A potential source of bias is data leakage arising from the frame-wise splitting approach, despite the aforementioned mitigation strategies (sequence-level partitioning and a withheld test set). Some residual dependence between frames cannot be ruled out.
Future studies should increase patient numbers to better reflect biological variability. Including multiple examiners would also account for individual examination styles and endoscopic techniques, again improving dataset variability and realism. Additionally multi-equipment datasets should be included to improve external validity.
Class imbalance in training data is a common issue in deep learning, particularly for classification tasks. CNNs tend to predict majority classes (more frequently represented) better than minority classes. This was evident in the study, where the feature ‘loss of vascular pattern’ (1246 labelled images) was predicted more accurately than ‘mucous exudate’ (643 labelled images). Future studies should increase the number of pouchoscopies to balance the dataset. Additionally, using a different pouchitis score, such as the Monash score (with higher intra-rater reliability), may help improve dataset balance, though further validation is needed before routine implementation.

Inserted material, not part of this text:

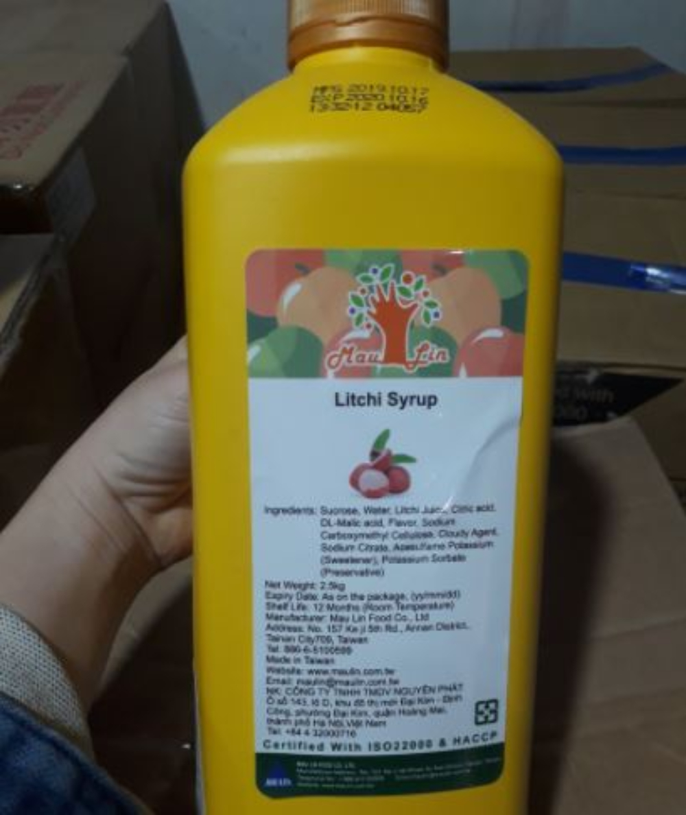 Nhà sản xuất: MAU LIN FOOD CO., LTD (Maulin là một thương hiệu công ty thực phẩm của Đài Loan. Nơi đây vốn được coi là quê hương của trà sữa. Ngày nay, Maulin đã trở thành một thương hiệu nổi tiếng về thực phẩm và đồ uống. Các sản phẩm của công ty gồm có hạt cafe, các loại bột điều vị, hạt thủy tinh dùng và đặc biệt về siro cho trà sữa. Sản phẩm của công ty đạt được chứng nhận ISO22000, HACCP, HALAL. Đây đều là các tiêu chuẩn khắt khe về quản lý cũng như VSATTP quốc tế. Thị trường phân phối sản phẩm chính của công ty là Đài Loan, Trung Quốc và khu vực Đông Nam Á. Hơn nữa, sản phẩm của Maulin cũng đang được kinh doanh tại các thị trường như Mỹ, Đức, Anh, Úc… hay Nhật Bản, Hàn Quốc)

Another limitation of this study is the absence of a direct benchmark against human expert performance. Although the dataset was labelled by two experienced physicians following standardized procedures, we did not formally compare network performance with independent human diagnostic accuracy. Such direct comparison would be essential to determine whether AI-based approaches can complement clinical decision making and would provide more context for interpreting the observed performance metrics. Future studies should therefore integrate systematic comparisons with expert endoscopists to more accurately evaluate the potential clinical utility of CNNs in pouchitis diagnostics.
Lastly, an integrated-network architecture for image classification was chosen. This design does not explicitly train the network to recognize the ‘healthy’ class, which is a diagnosis of exclusion, potentially reducing specificity. It is likely that training the network to specifically detect each main class, including its associated features, would yield better results. However, this would require extensive training and computational resources. The architecture used in our study was chosen as a compromise to save computational resources and avoid classification conflicts, acknowledging that this choice could limit network performance.
In conclusion, this feasibility study, despite its limitations, was able to demonstrate that artificial neural networks can be used to develop an image recognition program, capable of detecting endoscopic features of pouchitis with reasonable results. However, our results underline that AI performance in this context remains below human expert level. The present work should therefore be seen as a proof of concept and not as evidence that AI is ready for clinical use in the context of pouchitis diagnostics. Further research with larger, multicentre, multi-equipment datasets, direct comparison with expert endoscopists and a reliable pouchitis scoring system is required to achieve a significant improvement in the performance.